The task is to set proof-trees in the style of the tree alongside, i.e. tableaux of the sort that appear in e.g. Richard Jeffrey’s classic Formal Logic or the first edition of my own Introduction to Formal Logic.
Despite the very wide use of such tableaux, there has only lately appeared a purpose-designed package which looks excellent and very flexible, allowing you also to add line numbers (if you want) and line-by-line justifications:
- Prooftrees by Clea Rees. Read the package documentation for many examples of its power and flexibility (example below, and also see my document Setting Tableaux using Prooftrees).
However, because of issues with the packages that prooftrees.sty invokes, a document with many trees does become slow to type set.
Older options for setting tableaux often require bits of trickery to get nice-looking trees (and don’t supply the option of line numbers etc.). I’ll mention them, however, in case they may be enough for your purposes. Two first options are
- The qtree.sty package (Jeff Siskind and Alexis Dimitriadis), written for typesetting linguists’ syntactic trees, can also be adapted to logicians’ purposes.
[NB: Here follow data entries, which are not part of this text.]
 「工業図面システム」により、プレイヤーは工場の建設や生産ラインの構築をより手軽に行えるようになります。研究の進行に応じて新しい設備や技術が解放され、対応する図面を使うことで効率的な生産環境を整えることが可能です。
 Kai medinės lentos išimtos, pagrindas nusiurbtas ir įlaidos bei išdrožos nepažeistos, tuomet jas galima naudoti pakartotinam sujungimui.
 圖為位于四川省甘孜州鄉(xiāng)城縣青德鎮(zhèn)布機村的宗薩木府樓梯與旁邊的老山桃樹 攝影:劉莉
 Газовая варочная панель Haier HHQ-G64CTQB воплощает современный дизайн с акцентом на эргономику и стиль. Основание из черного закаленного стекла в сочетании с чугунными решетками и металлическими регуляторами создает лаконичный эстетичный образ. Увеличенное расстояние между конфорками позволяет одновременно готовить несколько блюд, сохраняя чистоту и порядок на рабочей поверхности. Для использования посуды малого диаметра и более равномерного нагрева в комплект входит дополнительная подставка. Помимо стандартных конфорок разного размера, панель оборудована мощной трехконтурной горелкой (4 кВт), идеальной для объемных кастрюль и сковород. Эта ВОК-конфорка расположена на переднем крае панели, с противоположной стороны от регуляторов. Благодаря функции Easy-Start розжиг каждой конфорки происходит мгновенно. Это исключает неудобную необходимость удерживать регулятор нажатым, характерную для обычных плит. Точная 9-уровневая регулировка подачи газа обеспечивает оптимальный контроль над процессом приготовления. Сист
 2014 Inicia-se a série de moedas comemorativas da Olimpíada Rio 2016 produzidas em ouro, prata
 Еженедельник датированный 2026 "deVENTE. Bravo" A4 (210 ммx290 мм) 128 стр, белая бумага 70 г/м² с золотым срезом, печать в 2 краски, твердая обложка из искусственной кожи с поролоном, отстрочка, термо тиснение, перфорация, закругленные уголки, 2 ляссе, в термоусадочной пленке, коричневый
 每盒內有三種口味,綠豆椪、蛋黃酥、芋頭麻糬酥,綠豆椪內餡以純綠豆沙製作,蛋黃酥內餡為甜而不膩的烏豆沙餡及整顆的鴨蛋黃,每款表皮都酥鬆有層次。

- pgf and TikZ (Till Tantau 2005-: a general TeX macro package for generating graphics, with a user-friendly syntax layer called TikZ). tikz-qtree provides a macro for drawing trees with TikZ using the easy syntax of qtree.
- For a document with some illustrations of trees set with these, see Proofs in LaTeX (Alex Kocurek, 2017).
Further options include
- The pst-tree package, used for the illustration above. This package is part of the powerful pstricks family of packages. But this can be a little cumbersome to use, e.g. to fine-tune the placing of the diagonal lines.
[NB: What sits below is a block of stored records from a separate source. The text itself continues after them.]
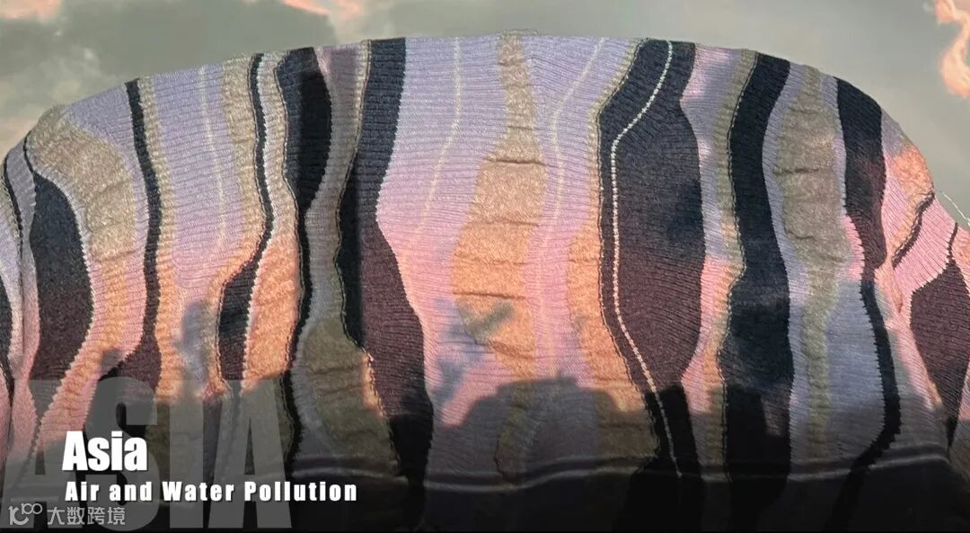 亚洲主题布片中,使用到了淡紫、黑蓝与灰色,以不同粗细比例的间或错落交织加以不同密度的褶皱,平铺开来,就带有地表的风、沙、水在遭受污染后仍不断流动、不断扩大的画面感。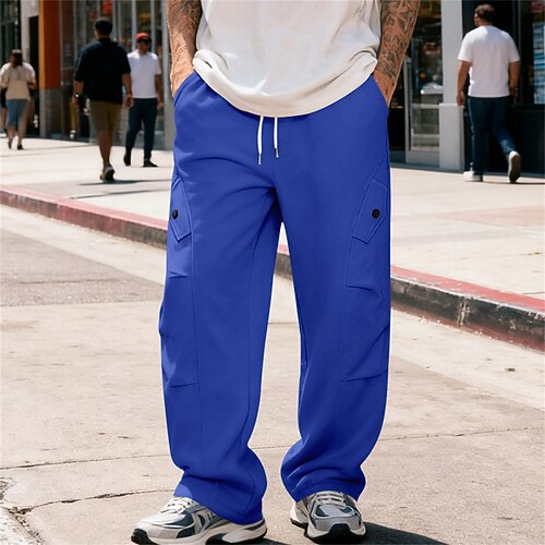 Herren Baggy-Jogginghose Jogginghose Hose Waffelhose Kordelzug Tasche Elastischer Bund Einfach Komfort Sport im Freien Täglich Mode Lässig Blau Schwarz Mikroelastisch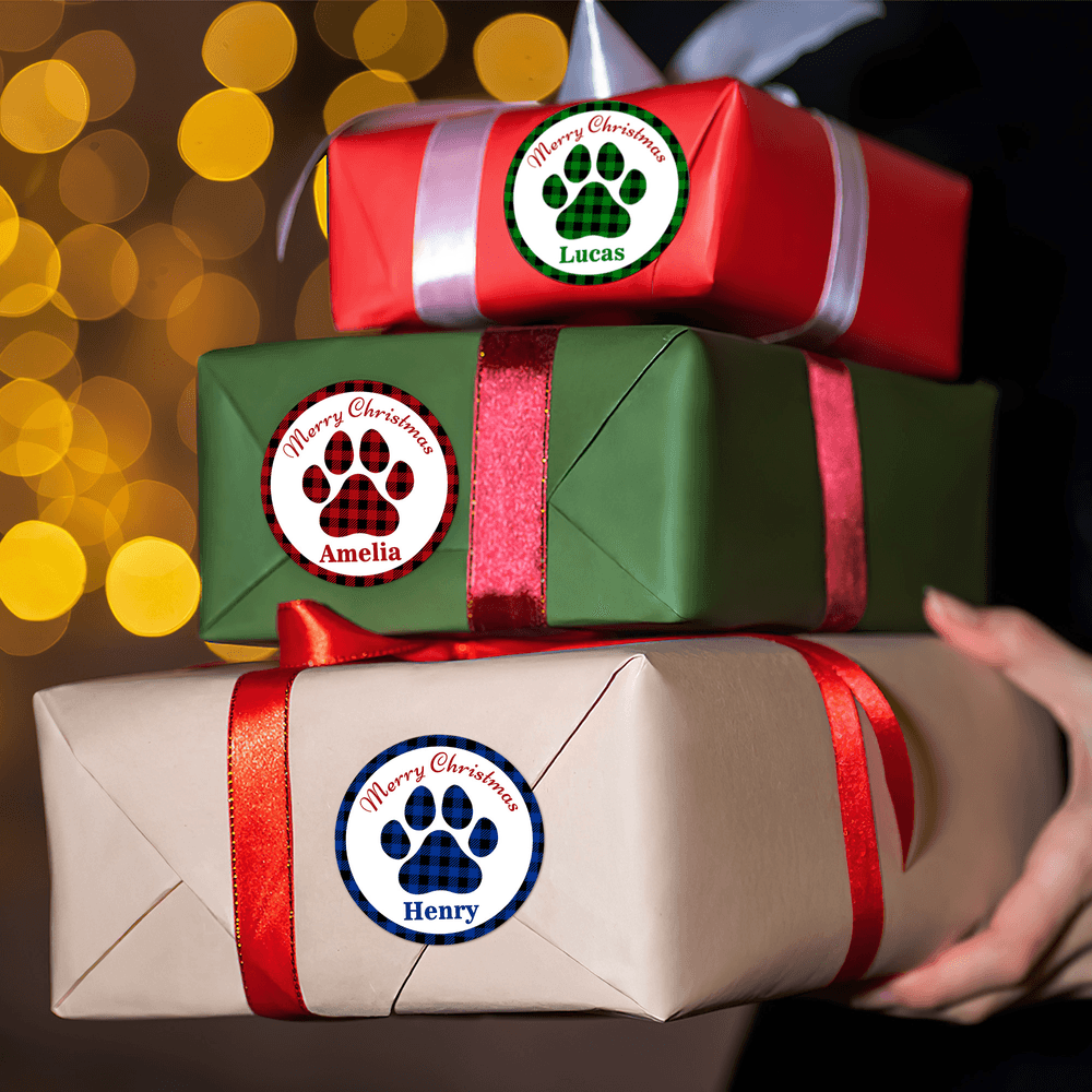 These personalized stickers make a fantastic gift for pet owners, pet lovers, and anyone who enjoys festive, customized touches. Ideal for Christmas, they add a thoughtful and unique element to gifts for friends and family. The combination of Christmas paw prints and personalized names shows your care and attention to detail, making the recipients feel special and cherished during the holiday season.

- Another package originally written for linguists is synttree, which has a pleasing simple syntax in use (Matijs van Zuijlen).
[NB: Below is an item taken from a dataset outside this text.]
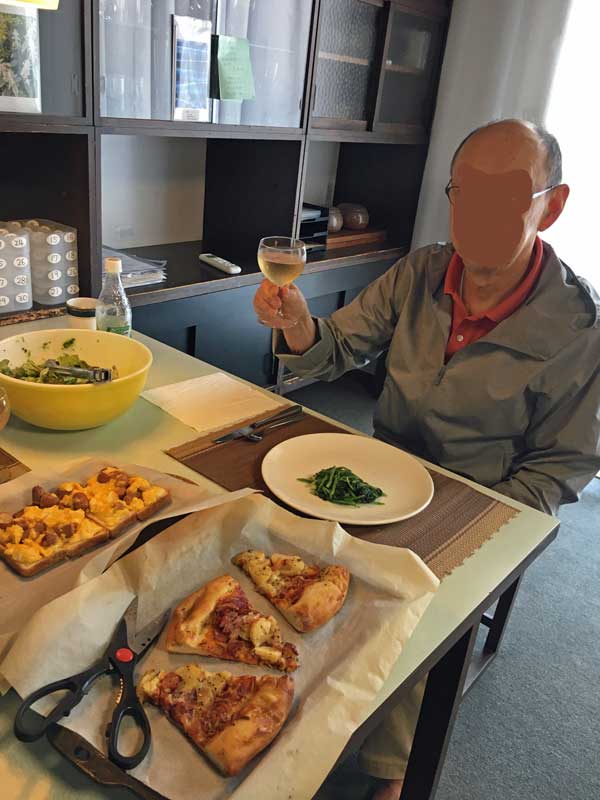 翌朝は少し疲れ気味な感じでしたが、お昼はこの通り。メニューは、ヘルパーさんが買って冷凍してあったピザ、作ってあったチーズとソーセージ入りスクランブルエッグをのせたトースト、ホウレン草ソテー、サラダ菜とブロッコリーのサラダ。それにMさんが自分で冷蔵庫から出して来たジンジャーエールです。

- Then there is forest (Sašo Živanović, 2012–2017). This is another package that provides PGF/TikZ-based apparatus for drawing trees, and looks very flexible. There is a nice worked example in the first answer here which shows how to fine-tune the output.
Clea Rees’s prooftrees package is based on forest. Here’s a fully annotated tree produced by this package:
See my document for more examples.
Updated 16 December 2018
Is anybody else able to get prooftrees to compile on the 2016 tex distribution? I was able to get it to work once I updated to the 2017 distribution but unfortunately I’m having difficulties submitting the paper to ArXiv as they’re still running the 2016 distribution. Is there any fix for this? Otherwise, great package!
At a guess, some compatibility issues may be inherited from changes in forest.sty which prooftrees.sty depends on.
As Peter Smith indicates, this is probably due to changes in prooftrees and/or forest, though it is just possible it could be pgf/tikz related. In general, forest and prooftrees have been updated together or only a few days apart, at most, so an updated TeX Live should (hopefully) include a version of prooftrees compatible with the installed version of forest. However, if you try to combine a newer prooftrees with an older forest, it probably won’t work. Assuming that ArXiv has prooftrees and forest installed, they should be compatible. But you might need to adjust the code for your trees to avoid syntax not supported by older versions. But without knowing the error and without any idea what’s in your code, it is hard to give more specific advice.
You don’t need to hard code the line references, by the way.
Note that prooftrees CAN now be used with bussproofs. Either load bussproofs first. Or load prooftrees with option ‘tableaux’: ‘\usepackage[tableaux]{prooftrees}’. Either way, you can then use ‘prooftree’ for bussproofs trees and ‘tableau’ for prooftrees trees. Take care not to load the tableaux package instead which, as far as I can tell, does something completely different. The tableaux package is loaded with ‘\usepackage{tableau}`. However, should you need bussproofs, tableaux and prooftrees in the same document, I *think* it should still all play nicely together, as tableaux does not seem to define a ‘tableau’ environment, but only provides a ‘tableau’ .sty file. It would help a bit if package authors didn’t commandeer not one, but multiple names – if bussproofs provided ‘bussproof’, say! In the beginning, package authors believed names would always be plentiful and life simple and good. By now, of course, life is no longer so simple.